** Opening RECORDS FOR THIS EXERCISE block **
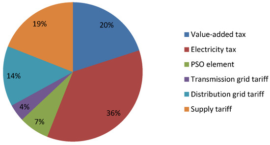 Composition of the residential electricity price, simplified for a consumption of a normal household with 4000 kWh/y, average for 2012 [19]. PSO: public service obligation.
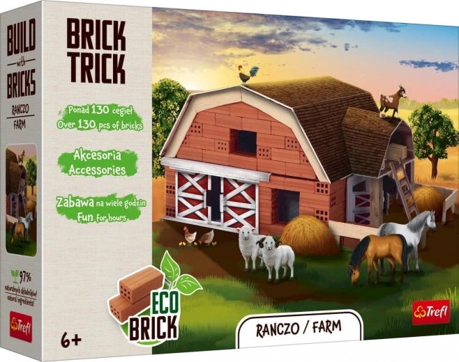A Brick Trick Farma L egy építőkészlet, amellyel könnyedén felépíthetsz egy farmot természetes anyagokból. A készlet több mint 150 darab természetes agyagtéglát, fa lapokat, ragasztót és díszítő elemeket tartalmaz, melyek segítségével lépésről lépésre, a mellékelt képes útmutató alapján gyönyörű épületet hozhatsz létre.
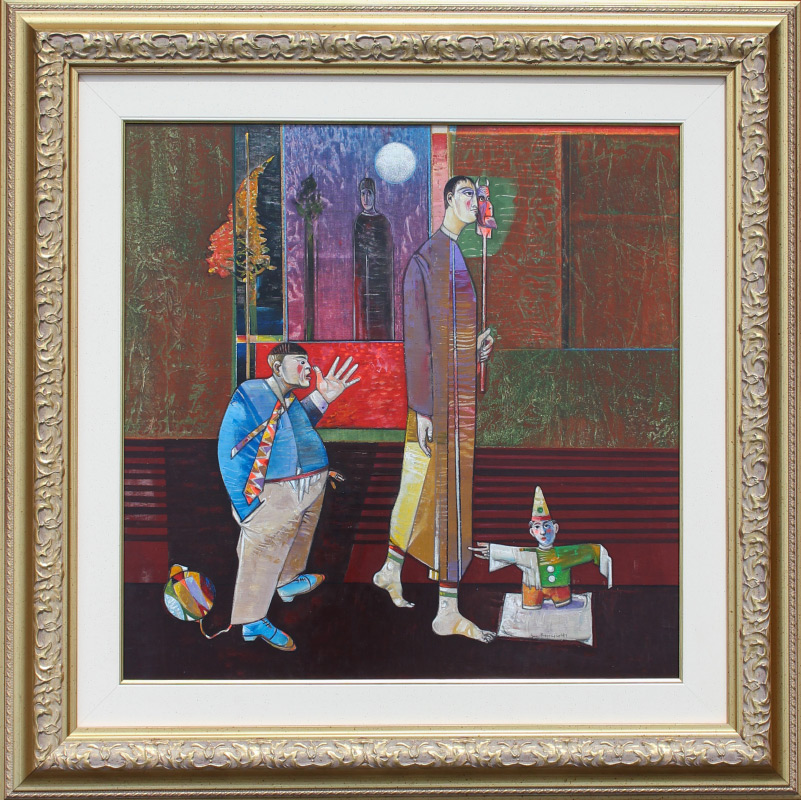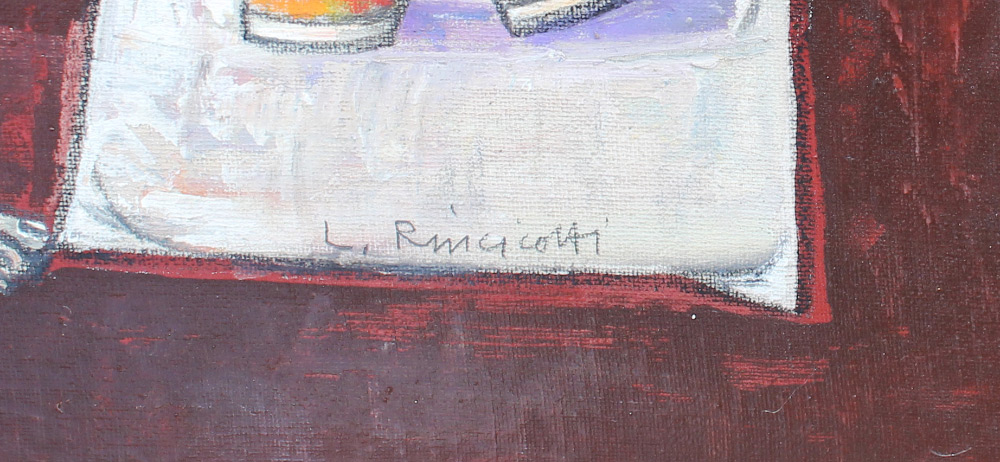 RINCICOTTI, Luigi, (Italian, 1941-): ''La Stanza Dei Giochi'', Oil/Canvas on board, 23.75'' x 23.75'', signed lower right, label affixed verso, custom framing, 34'' x 34''. Former Collection of Medici Gallery Sarasota Florida.
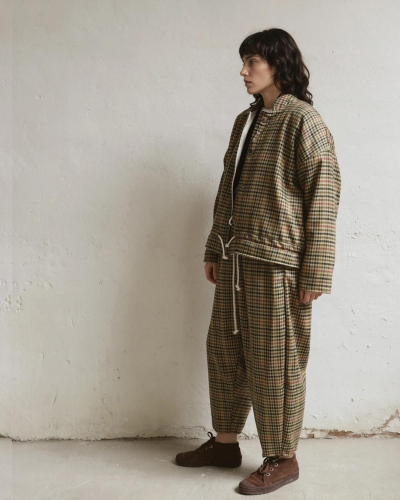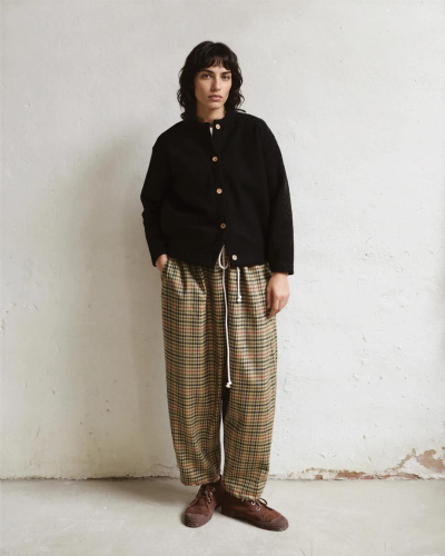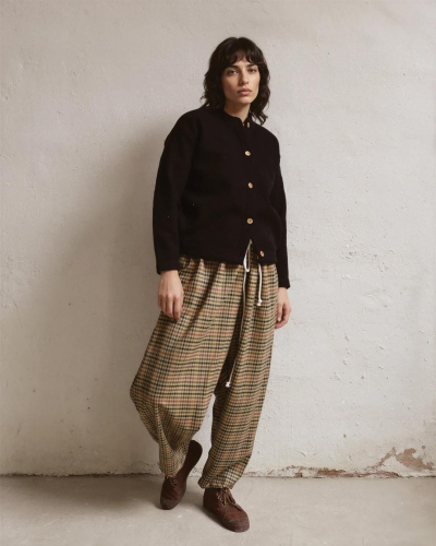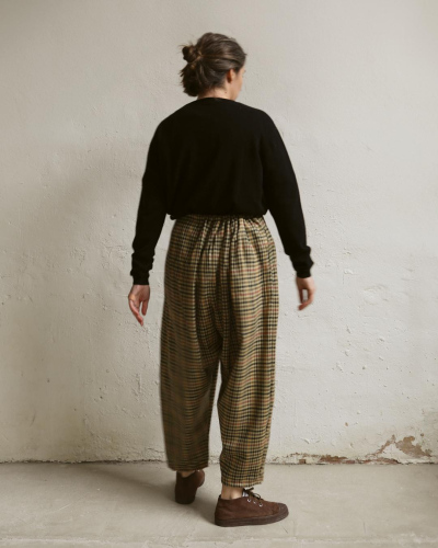 Groovy plaid trousers made from 100% premium merino wool. Features two seam pockets and a cotton drawstring waist. Made in Spain. One size fits all.
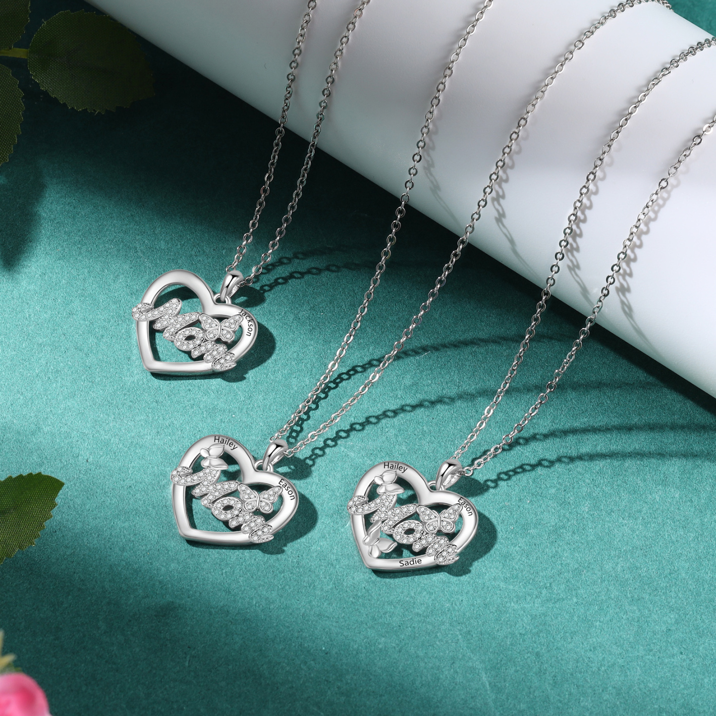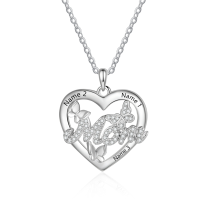 Personalized Mom Butterfly Heart Necklace with 1-3 Names
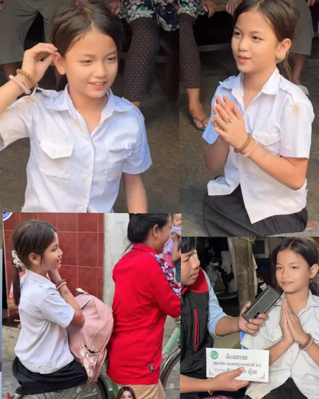 បានឆ្លុះកញ្ចក់ ឃើញមុខខ្លួនឯងស្អាត គឺសប្បាយចិត្តហើយ ត្រូវពេញចិត្តអ្វីដែលខ្លួនឯងមាន។ ប្អូនស្រីត្រូវរថយន្តកៀរ បណ្ដាលអោយពិកាជើងទាំងពីរ នៅព្រែកព្នៅ តែប្អូនស្រីញញឹមជាប់ជានិច្ច 😢 សព្វថ្ងៃ ប្អូនស្រីកំពុងខំប្រឹងរៀន និងកំពុងរៀនថ្នាក់ទី៥។
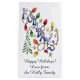 Vintager Illustrator Cartoon Frohe Weihnachtsfeiertage mit dem Wort "Feiertage" verpackt mit farbenfrohen gelben, roten und grünen Weihnachtsbeleuchtung. Umgeben von goldenen Sternen und einem Weihnachtsbaum aus dem Wald.
** Closing RECORDS FOR THIS EXERCISE block **
PROBLEM REQUIREMENTS: Retyping is limited to the line with "បានឆ្លុះកញ្ចក់ ឃើញមុខខ្លួនឯងស្អាត គឺសប្បាយចិត្តហើយ" and the lines after it in the material above; give them exactly and leave out the pictures.

WRITTEN REPLY:
 បានឆ្លុះកញ្ចក់ ឃើញមុខខ្លួនឯងស្អាត គឺសប្បាយចិត្តហើយ ត្រូវពេញចិត្តអ្វីដែលខ្លួនឯងមាន។ ប្អូនស្រីត្រូវរថយន្តកៀរ បណ្ដាលអោយពិកាជើងទាំងពីរ នៅព្រែកព្នៅ តែប្អូនស្រីញញឹមជាប់ជានិច្ច 😢 សព្វថ្ងៃ ប្អូនស្រីកំពុងខំប្រឹងរៀន និងកំពុងរៀនថ្នាក់ទី៥។
 Vintager Illustrator Cartoon Frohe Weihnachtsfeiertage mit dem Wort "Feiertage" verpackt mit farbenfrohen gelben, roten und grünen Weihnachtsbeleuchtung. Umgeben von goldenen Sternen und einem Weihnachtsbaum aus dem Wald.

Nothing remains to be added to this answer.